Please leave out pictures and print exactly the lines from the one that has "Az EKB aranyat, különleges" through the last line of the material below.

Recorded data:
== == ==
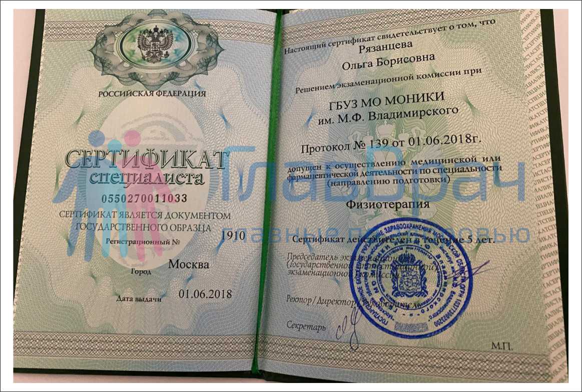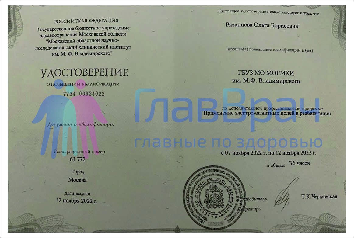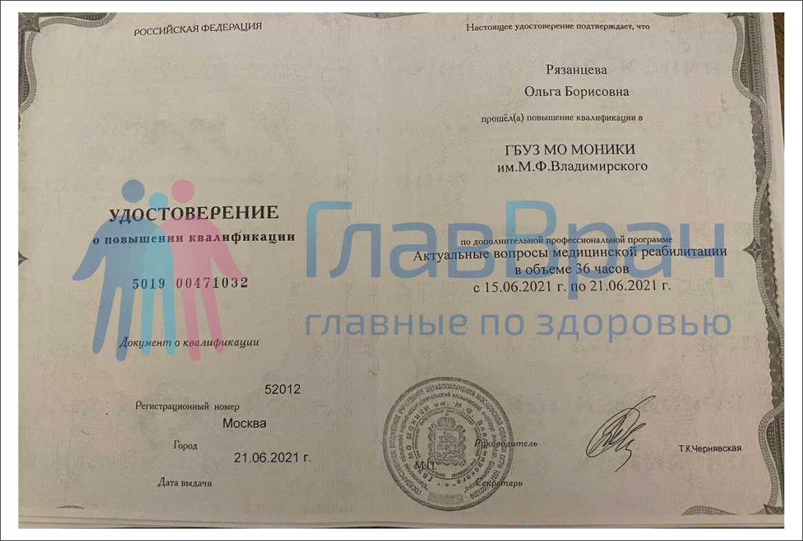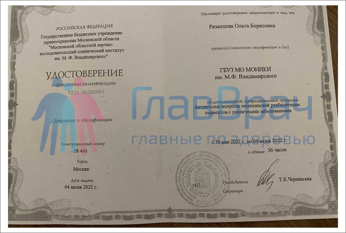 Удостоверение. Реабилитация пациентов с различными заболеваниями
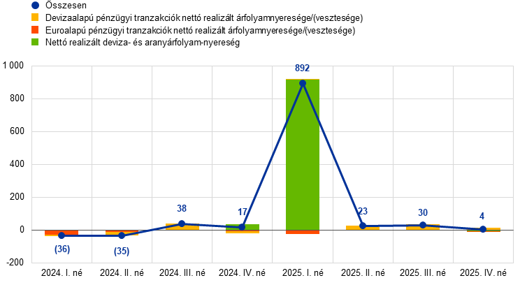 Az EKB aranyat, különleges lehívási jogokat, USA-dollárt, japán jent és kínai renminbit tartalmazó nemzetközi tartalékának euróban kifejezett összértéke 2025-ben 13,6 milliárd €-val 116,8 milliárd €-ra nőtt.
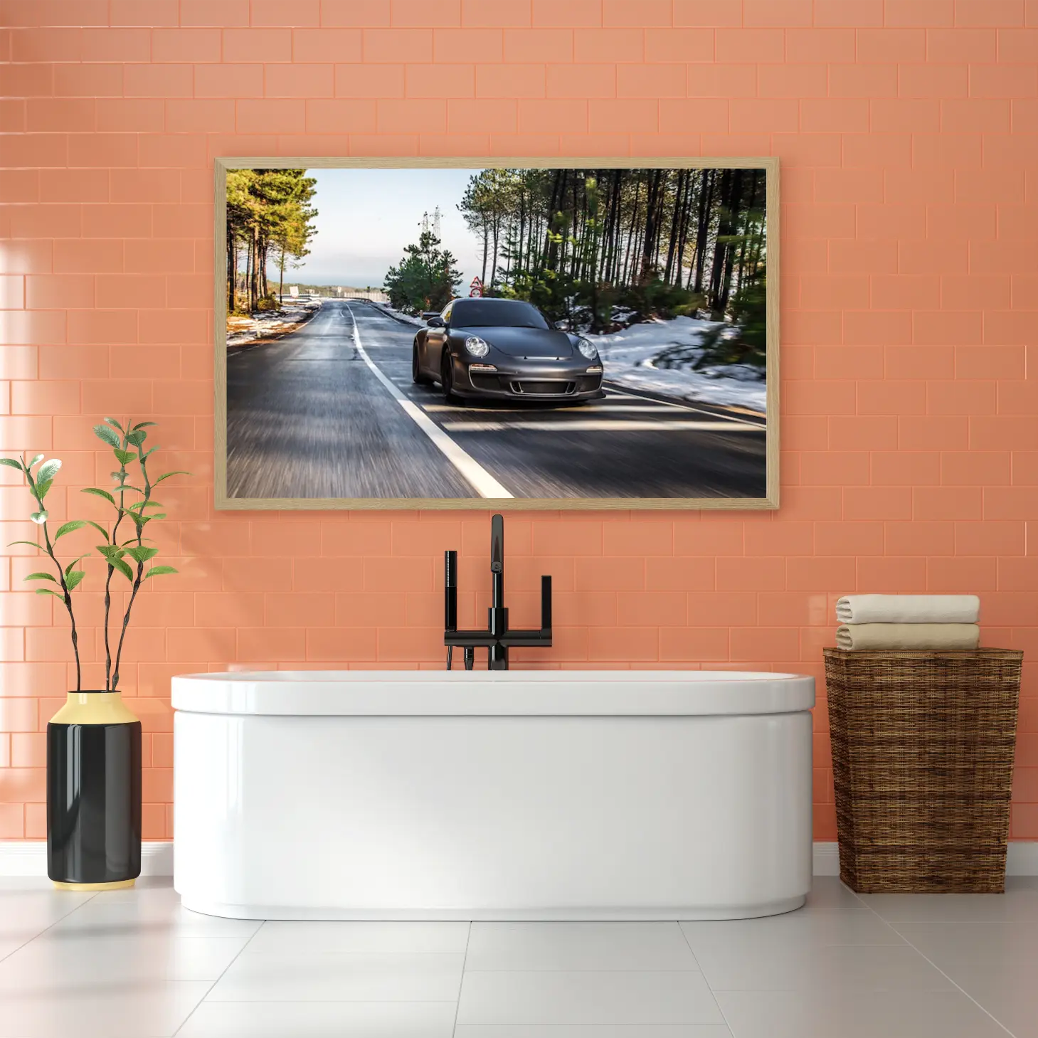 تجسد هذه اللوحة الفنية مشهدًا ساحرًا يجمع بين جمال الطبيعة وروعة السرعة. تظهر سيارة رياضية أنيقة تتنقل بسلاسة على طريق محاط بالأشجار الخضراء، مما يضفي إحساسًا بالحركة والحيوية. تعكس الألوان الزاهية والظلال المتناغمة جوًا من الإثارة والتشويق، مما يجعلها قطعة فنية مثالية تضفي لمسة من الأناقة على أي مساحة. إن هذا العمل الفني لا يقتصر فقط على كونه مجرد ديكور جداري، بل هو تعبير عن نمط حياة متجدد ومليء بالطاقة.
== == ==
Result for this task:
 Az EKB aranyat, különleges lehívási jogokat, USA-dollárt, japán jent és kínai renminbit tartalmazó nemzetközi tartalékának euróban kifejezett összértéke 2025-ben 13,6 milliárd €-val 116,8 milliárd €-ra nőtt.
 تجسد هذه اللوحة الفنية مشهدًا ساحرًا يجمع بين جمال الطبيعة وروعة السرعة. تظهر سيارة رياضية أنيقة تتنقل بسلاسة على طريق محاط بالأشجار الخضراء، مما يضفي إحساسًا بالحركة والحيوية. تعكس الألوان الزاهية والظلال المتناغمة جوًا من الإثارة والتشويق، مما يجعلها قطعة فنية مثالية تضفي لمسة من الأناقة على أي مساحة. إن هذا العمل الفني لا يقتصر فقط على كونه مجرد ديكور جداري، بل هو تعبير عن نمط حياة متجدد ومليء بالطاقة.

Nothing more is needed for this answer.